Note: queries containing unsupported SQL functions will result in TableException The following sections list the SQL functions supported on batch and stream tables.

Specify query #

The following example shows how to specify SQL queries on the registry and inline tables.

Java

StreamExecutionEnvironment env = StreamExecutionEnvironment.getExecutionEnvironment();
StreamTableEnvironment tableEnv = StreamTableEnvironment.create(env);

// ingest a DataStream from an external source
DataStream<Tuple3<Long, String, Integer>> ds = env.addSource(...);

// SQL query with an inlined (unregistered) table
Table table = tableEnv.fromDataStream(ds, $("user"), $("product"), $("amount"));
Table result = tableEnv.sqlQuery(
  "SELECT SUM(amount) FROM " + table + " WHERE product LIKE '%Rubber%'");

// SQL query with a registered table
// register the DataStream as view "Orders"
tableEnv.createTemporaryView("Orders", ds, $("user"), $("product"), $("amount"));
// run a SQL query on the Table and retrieve the result as a new Table
Table result2 = tableEnv.sqlQuery(
  "SELECT product, amount FROM Orders WHERE product LIKE '%Rubber%'");

// create and register a TableSink
final Schema schema = Schema.newBuilder()
    .column("product", DataTypes.STRING())
    .column("amount", DataTypes.INT())
    .build();

final TableDescriptor sinkDescriptor = TableDescriptor.forConnector("filesystem")
    .schema(schema)
    .format(FormatDescriptor.forFormat("csv")
        .option("field-delimiter", ",")
        .build())
    .build();

tableEnv.createTemporaryTable("RubberOrders", sinkDescriptor);

// run an INSERT SQL on the Table and emit the result to the TableSink
tableEnv.executeSql(
  "INSERT INTO RubberOrders SELECT product, amount FROM Orders WHERE product LIKE '%Rubber%'");

Python

env = StreamExecutionEnvironment.get_execution_environment()
table_env = StreamTableEnvironment.create(env)

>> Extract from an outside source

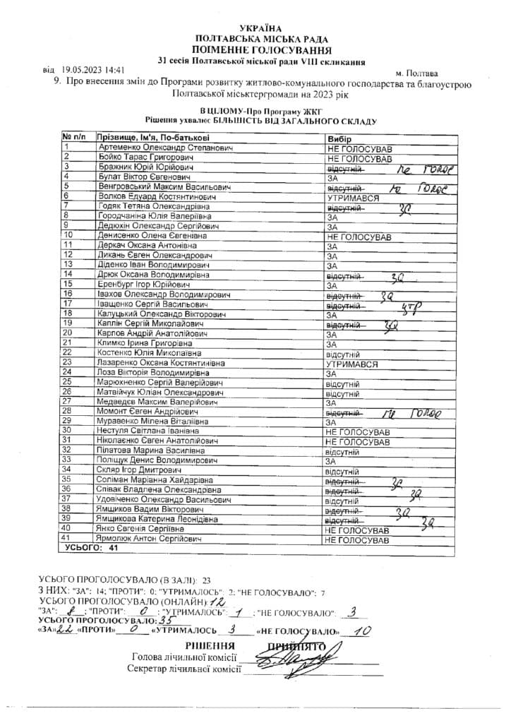 Домовленості закріпили травневим голосуванням на сесії Полтавської міської ради за Програму розвитку житлово-комунального господарства. Тоді Катерина та Вадим Ямщикові були єдині з їхньої фракції, хто проголосував «за» деякі принципові питання. Зокрема програму ЖКГ, довівши справжню лояльність. Друге принципове питання – бюджет, яке підтримали й інші учасники майбутньої коаліції у вигляді фракції «Рідне місто» у повному складі.

# SQL query with an inlined (unregistered) table
# elements data type: BIGINT, STRING, BIGINT
table = table_env.from_elements(..., ['user', 'product', 'amount'])
result = table_env \
    .sql_query("SELECT SUM(amount) FROM %s WHERE product LIKE '%%Rubber%%'" % table)

# create and register a TableSink
schema = Schema.new_builder()
    .column("product", DataTypes.STRING())
    .column("amount", DataTypes.INT())
    .build()

sink_descriptor = TableDescriptor.for_connector("filesystem")
    .schema(schema)
    .format(FormatDescriptor.for_format("csv")
        .option("field-delimiter", ",")
        .build())
    .build()

t_env.create_temporary_table("RubberOrders", sink_descriptor)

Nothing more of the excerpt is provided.